HuggingFace——Accelerate的使用

Charon_HN 2023-08-13 原文

Overview

🤗 Accelerate is a library that enables the same PyTorch code to be run across any distributed configuration by adding just four lines of code! In short, training and inference at scale made simple, efficient and adaptable.

Demo

# + 代表使用accelerate的增加语句；- 代表去掉
+ from accelerate import Accelerator
 from transformers import AdamW, AutoModelForSequenceClassification, get_scheduler

+ accelerator = Accelerator()

 model = AutoModelForSequenceClassification.from_pretrained(checkpoint, num_labels=2)
 optimizer = AdamW(model.parameters(), lr=3e-5)

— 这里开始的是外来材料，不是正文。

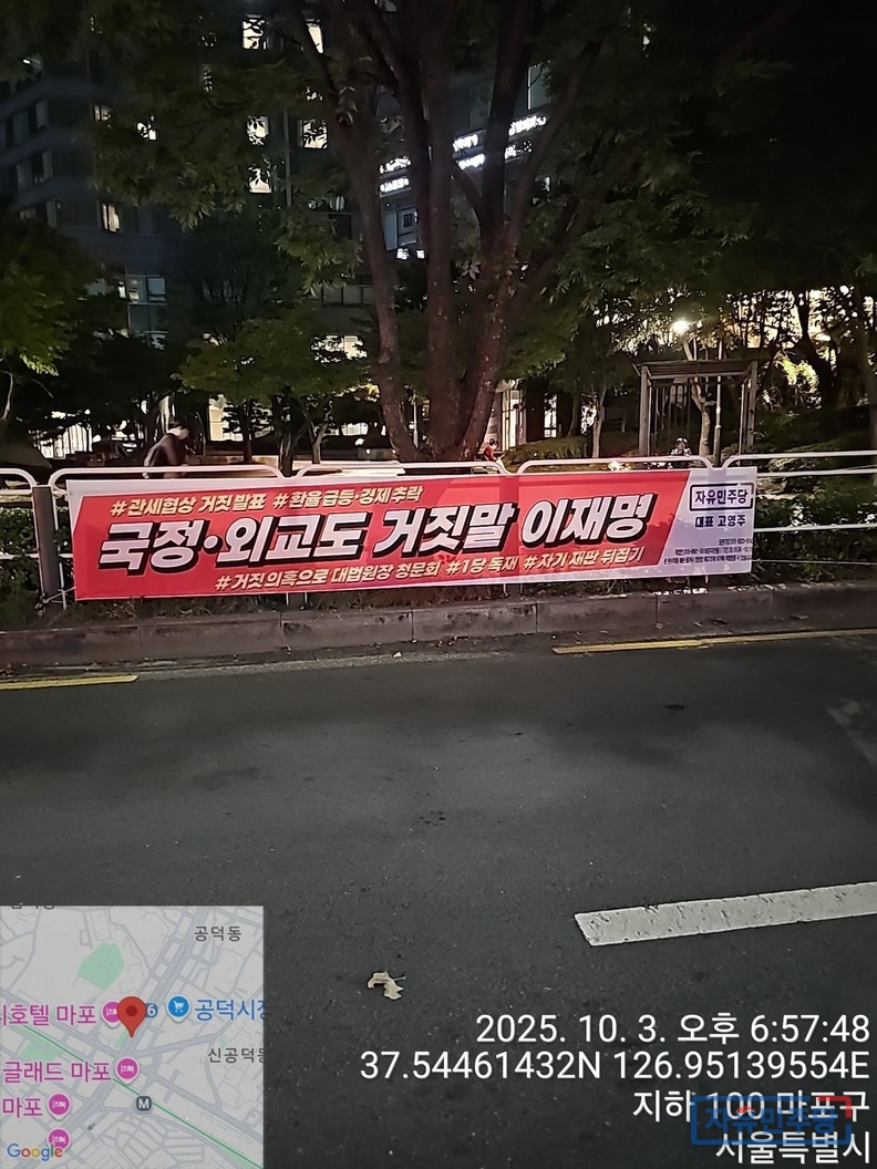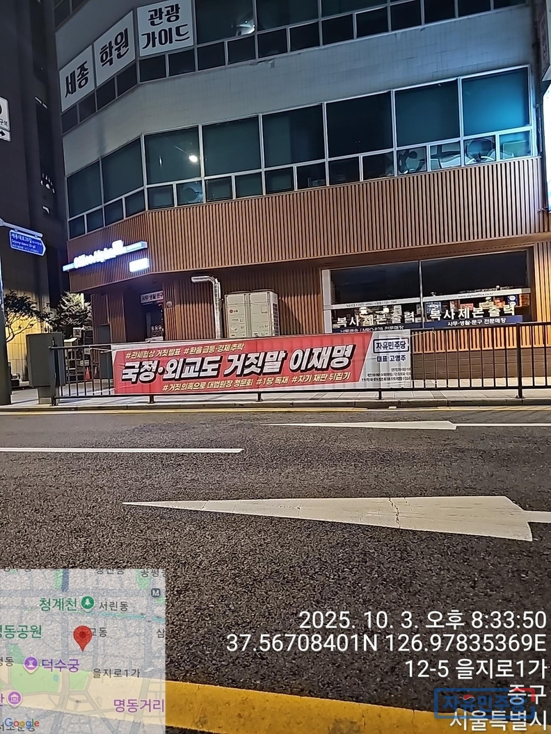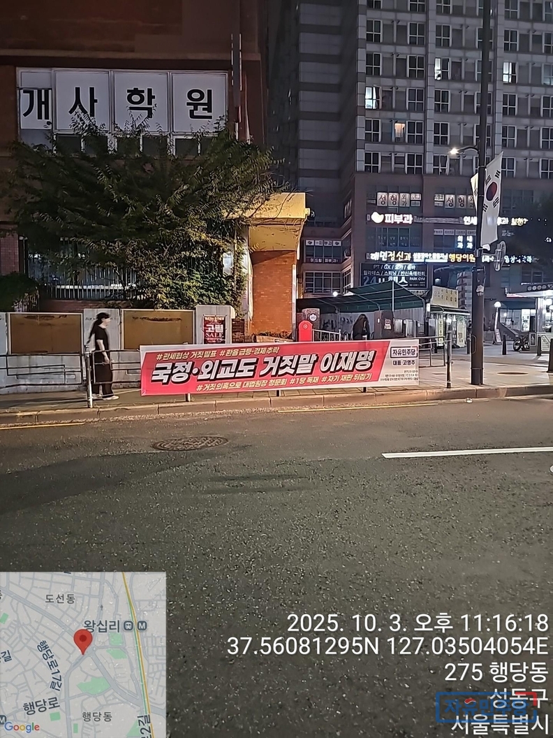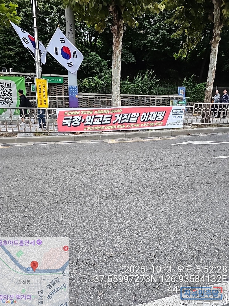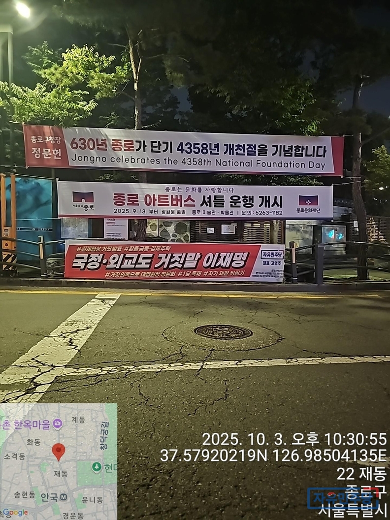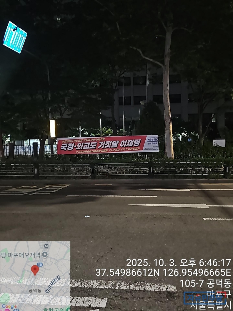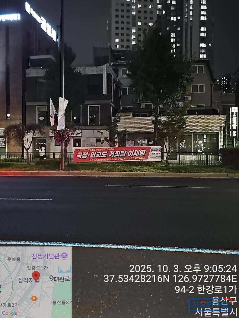 <서울 도심,강북 55곳 현수막> "국정.외교도 거짓말 이재명" "전작권 환수? 자주 아닌 자살!" 투하!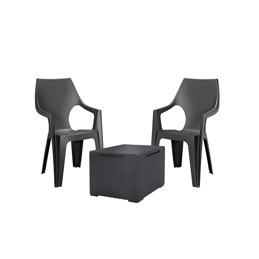 Ożyw swój balkon dzięki zestawowi mebli ogrodowych Dante Balcony, łączącemu nowoczesny design i funkcjonalność. Ten stylowy zestaw zawiera poręczny stół ogrodowy Vigo i dwa wygodne krzesła ogrodowe Dante z wysokim oparciem, które są odporne na warunki atmosferyczne i nie wymagają konserwacji.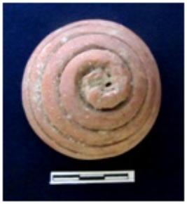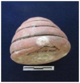 | Description / विवरण | Votive stupa of conical shape. Deep grooved lines are visible on bottom to top portion. This is semi-well fired and light red in color. |

- device = torch.device("cuda") if torch.cuda.is_available() else torch.device("cpu")
- model.to(device)

+ train_dataloader, eval_dataloader, model, optimizer = accelerator.prepare(
+     train_dataloader, eval_dataloader, model, optimizer
+ )

 num_epochs = 3
 num_training_steps = num_epochs * len(train_dataloader)
 lr_scheduler = get_scheduler(
     "linear",
     optimizer=optimizer,
     num_warmup_steps=0,
     num_training_steps=num_training_steps
 )

 progress_bar = tqdm(range(num_training_steps))

 model.train()
 for epoch in range(num_epochs):
     for batch in train_dataloader:
-         batch = {k: v.to(device) for k, v in batch.items()}
         outputs = model(**batch)
         loss = outputs.loss
-         loss.backward()
+         accelerator.backward(loss)

         optimizer.step()
         lr_scheduler.step()
         optimizer.zero_grad()
         progress_bar.update(1)

如果简单来说，就是添加了一个accelerate来控制分布式训练，其中了loss的backward变成了accelerate.backward(loss)。

Installation & Configuration

安装和配置参考官网即可，其中配置的过程是需要在终端Terminal上通过回答一系列问题，然后自动生成一个名为default_config的yaml文件，并保存在根目录.catch/huggingface/accelerate目录下。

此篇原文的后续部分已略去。